The Dangers Of A Hot Car

The Dangers Of A Hot Car

With the hottest days of summer upon us, it is imperative for all drivers to understand the danger that is created when scorching summer sun meets unattended automobile. Hopefully, you’ll take the time to not only read the following article in order to better understand the problem, but also take the time to pass on the knowledge to friends and family members,  especially those who may have vulnerable loved ones.

It would have been hard to miss at least one recent instance where tragedy has struck due to a child, elder, or family pet being left unattended in a hot vehicle this year. With all of the recent media coverage of this very topic, it seems like everyone should be aware of the issue, and yet mistakes are still being made every day right here in the United States. Over the last 10 years, more than 700 children have died of heat stroke from being left unattended in a vehicle, or from entering a vehicle on their own and becoming trapped. Sadly, this number does not include the elderly fatalities, or the largely unknown number of pet deaths from this same cause.
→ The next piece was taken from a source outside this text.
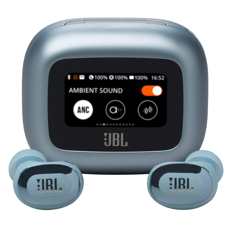Get customized sound without even looking at your phone. Use the controls on the Smart Charging Case™ of the JBL Live Buds 3 true wireless noise-cancelling earbuds with Hi-Res Audio to customize all of their features without having to open the JBL app on your device. Adjust volume and EQ, control your music, take phone calls, see messages—you can even customize the screensaver with your favorite photos. And that’s before you even get to the monumental JBL Signature Sound of the Live Buds 3 themselves. Best-in-class True Adaptive Noise Cancelling tunes out distractions. JBL Spatial Sound makes movies and music truly immersive. And if you have to take a call, 6 mics ensure perfect sound quality even in the noisiest surroundings. All this, plus a 40-hour charge: 10 hours in the buds* and another 30 in the case—and they can charge wirelessly. The charging case features a loop to attach a lanyard for even more convenience. Great sound has never been simpler. (*with ANC off)

On a day when the temperature is 90 degrees Fahrenheit outside (a common summer temperature in many parts of the U.S.) the temperature inside the car can more than double to over 180 degrees in the course of just one hour. With more than 1 degree of heat added every single minute, this means that there is NO safe amount of time to leave a loved one unattended in a vehicle. Studies have proven that leaving a window cracked a bit, or parking in the shade, offers almost no benefit whatsoever.

Heat stroke can occur when the body temperature reaches a mere 104 degrees, and at 107 degrees, the temperature is usually fatal. This is especially dangerous for children and small animals, as their body temperature rises much more quickly than an adult’s temperature does – for a small child that can be three to five times faster. Additionally, the child’s body is even less capable of cooling itself when strapped tightly into a safety seat, further limiting air flow.

Signs of heat stroke include agitation, disorientation, dizziness, nausea, rapid or difficult breathing, seizure, unconsciousness, and vomiting. For pets, symptoms may be bright red gums, excessive salivation, dilated pupils, panting or difficult breathing, increased heart rate, convulsions, vomiting, and diarrhea.

The first thing you can do to protect your loved ones is to be alert and conscious of your actions at all times. Keep your vehicle locked, and be sure the keys are not accessible to children when it’s not in use. Never encourage children using a vehicle to play in. Any time a child is with you, make a habit of putting an essential item in the back seat with them, so you’ll need to retrieve it upon arrival at your destination. Set an alarm on your phone to remind you if you need to drop off a child at daycare. Make arrangements for daycare providers to contact you right away if your child does not arrive as expected. Check in with a spouse who’s day it is to take the kids, or a friend who you know has a child they are responsible for.

If you see a child left alone in a hot car, check to see if the parents are near by. If not, call 911 immediately. In most states, it is illiegal to break into a vehicle even under these circumstances, and trained professionals will be able to get the job done much more safely. Stay nearby, and on the line with emergency operators, until help arrives. For a pet in danger, you can also call your local police or animal control.

Lastly, NEVER leave a vulnerable loved one unattended in a vehicle for ANY amount of time, for ANY reason. Children, pets, disabled individuals, and some elders are unable to communicate clearly that something is wrong or extricate themselves from the situation. Your loved ones are relying on you to keep them safe.